Applicable standards:

AATCC 16, ISO 105-B02, ISO 105-B04, JIS 0843, GB/T 16991-1997, GB/T 8430-1998

Additionally, the chemical bonds in the dye are changed or even broken to the extent that the structure of the chromophore group and auxochromic group in the dye is destroyed. Thus losing color; It is also possible that under the irradiation of ultraviolet rays, the three-dimensional structure of the dye changes, causing a color change, which is manifested as a color change. The degree of resistance to color change of a certain dye in sunlight is the sunfastness of the dye. , also known as sunfastness. For this reason, the factors affecting the color fastness of materials to light are mainly related to the following points.

It is linked to the structure of the dye:

From oneGenerally speaking, the light fastness of anthraquinone dyes, phthalocyanine dyes, sulfide blue and metal complex dyes in sulfidation is relatively good, and the light fastness is relatively good. The light fastness of most insoluble azo dyes is relatively high, while the light fastness of aniline-type azo dyes is low, and triaryl methane is not light fast.

This is related to the type of fiber:

The same dye has very different light fastness on different fibers. For example, indigo is lightfast on wool but not on cellulose. However, the light resistance is very low. Another example: the fastness to light of varamine B blue salt on viscose is much higher than that on cotton.

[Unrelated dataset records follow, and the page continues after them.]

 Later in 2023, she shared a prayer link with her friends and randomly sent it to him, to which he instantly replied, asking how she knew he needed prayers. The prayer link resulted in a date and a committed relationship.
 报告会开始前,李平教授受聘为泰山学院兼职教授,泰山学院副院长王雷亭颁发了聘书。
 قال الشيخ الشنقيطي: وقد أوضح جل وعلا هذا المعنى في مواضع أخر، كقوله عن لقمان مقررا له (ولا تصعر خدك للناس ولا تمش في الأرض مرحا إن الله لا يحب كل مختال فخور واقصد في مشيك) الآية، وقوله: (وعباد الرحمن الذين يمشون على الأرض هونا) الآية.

It is linked to the concentration of the dye:

The fastness to light of the same dye on the sameThe fiber type changes with the change in dye concentration. Generally, the lightfastness of a low concentration is faster than that of a high concentration. The degree is low, which is particularly evident on azo dyes.

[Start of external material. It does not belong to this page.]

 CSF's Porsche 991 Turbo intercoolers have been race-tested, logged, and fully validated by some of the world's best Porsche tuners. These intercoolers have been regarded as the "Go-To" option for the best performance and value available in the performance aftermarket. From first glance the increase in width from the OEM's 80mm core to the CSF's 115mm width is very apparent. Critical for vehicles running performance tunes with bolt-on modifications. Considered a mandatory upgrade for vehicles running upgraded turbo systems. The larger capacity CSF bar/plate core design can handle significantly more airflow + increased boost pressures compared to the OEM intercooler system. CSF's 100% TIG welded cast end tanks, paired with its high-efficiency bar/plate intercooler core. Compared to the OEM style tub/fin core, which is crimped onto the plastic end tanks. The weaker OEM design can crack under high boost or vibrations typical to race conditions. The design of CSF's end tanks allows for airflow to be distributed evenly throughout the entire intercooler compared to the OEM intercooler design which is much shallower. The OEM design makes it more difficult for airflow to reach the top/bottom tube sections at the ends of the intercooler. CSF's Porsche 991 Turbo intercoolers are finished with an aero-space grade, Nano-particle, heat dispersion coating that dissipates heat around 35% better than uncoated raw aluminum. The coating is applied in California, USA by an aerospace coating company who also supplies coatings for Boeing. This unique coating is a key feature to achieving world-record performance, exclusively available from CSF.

It is linked to the influence of external conditions:

The level of humidity in the air and the level of temperature also have a great influence on the fastness to the sun. Generally, exposure to the sun is done when the humidity is high. The rapidity that Is weak, such as: varamine blue is easier to redden and fade in the south than in the north.

Related to additives:

There are now many additives that can effectively improve lightfastness.